> **Task to carry out**: Starting at the line that contains "美シルエット可愛い!通気性に優れた生地でさらっと快適! | |" and stopping after the line that contains "Công nhân Đội", transcribe the listing below exactly; do not include any pictures.

> **Data section**:
____________________

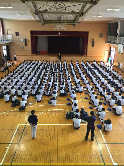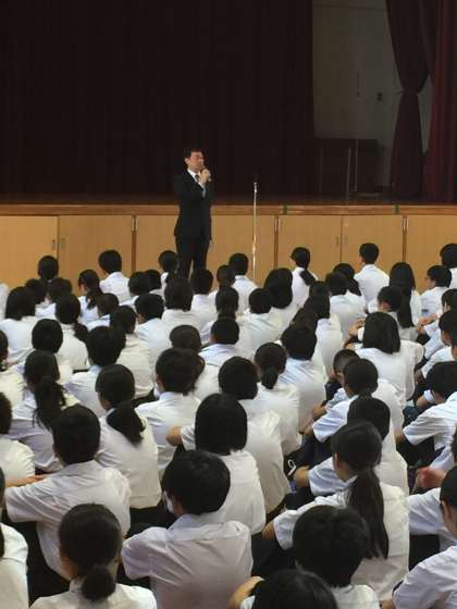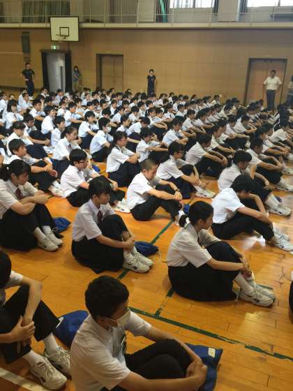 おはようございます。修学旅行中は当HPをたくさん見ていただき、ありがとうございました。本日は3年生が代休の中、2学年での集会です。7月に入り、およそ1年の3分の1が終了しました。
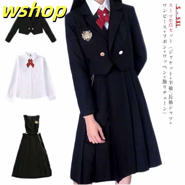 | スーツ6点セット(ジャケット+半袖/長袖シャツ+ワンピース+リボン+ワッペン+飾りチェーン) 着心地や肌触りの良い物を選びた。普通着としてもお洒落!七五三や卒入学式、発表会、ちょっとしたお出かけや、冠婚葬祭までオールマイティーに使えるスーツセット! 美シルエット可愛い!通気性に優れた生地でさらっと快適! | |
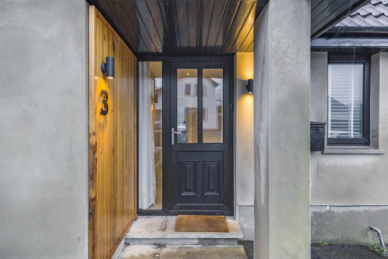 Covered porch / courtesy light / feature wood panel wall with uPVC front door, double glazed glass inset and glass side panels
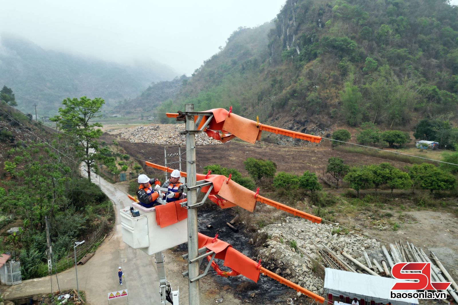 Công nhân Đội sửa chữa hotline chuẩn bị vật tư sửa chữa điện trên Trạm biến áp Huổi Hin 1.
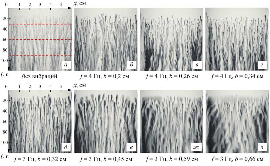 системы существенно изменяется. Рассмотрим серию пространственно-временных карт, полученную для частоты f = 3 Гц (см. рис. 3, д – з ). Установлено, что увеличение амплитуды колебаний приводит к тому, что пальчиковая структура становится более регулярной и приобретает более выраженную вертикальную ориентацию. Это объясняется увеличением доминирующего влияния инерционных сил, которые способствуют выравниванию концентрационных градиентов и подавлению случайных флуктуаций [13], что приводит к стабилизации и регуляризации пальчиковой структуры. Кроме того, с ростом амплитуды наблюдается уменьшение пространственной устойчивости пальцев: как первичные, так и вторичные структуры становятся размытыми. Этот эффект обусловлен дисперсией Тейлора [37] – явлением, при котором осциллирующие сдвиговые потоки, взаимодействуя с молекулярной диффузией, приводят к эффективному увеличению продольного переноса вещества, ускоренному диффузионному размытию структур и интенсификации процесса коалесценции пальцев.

____________________

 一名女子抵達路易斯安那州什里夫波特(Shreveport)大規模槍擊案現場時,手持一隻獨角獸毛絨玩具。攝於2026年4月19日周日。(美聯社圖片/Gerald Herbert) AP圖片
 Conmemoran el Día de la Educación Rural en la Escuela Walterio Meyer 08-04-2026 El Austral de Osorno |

____________________

> **Output for this exercise**:
 | スーツ6点セット(ジャケット+半袖/長袖シャツ+ワンピース+リボン+ワッペン+飾りチェーン) 着心地や肌触りの良い物を選びた。普通着としてもお洒落!七五三や卒入学式、発表会、ちょっとしたお出かけや、冠婚葬祭までオールマイティーに使えるスーツセット! 美シルエット可愛い!通気性に優れた生地でさらっと快適! | |
 Covered porch / courtesy light / feature wood panel wall with uPVC front door, double glazed glass inset and glass side panels
 Công nhân Đội sửa chữa hotline chuẩn bị vật tư sửa chữa điện trên Trạm biến áp Huổi Hin 1.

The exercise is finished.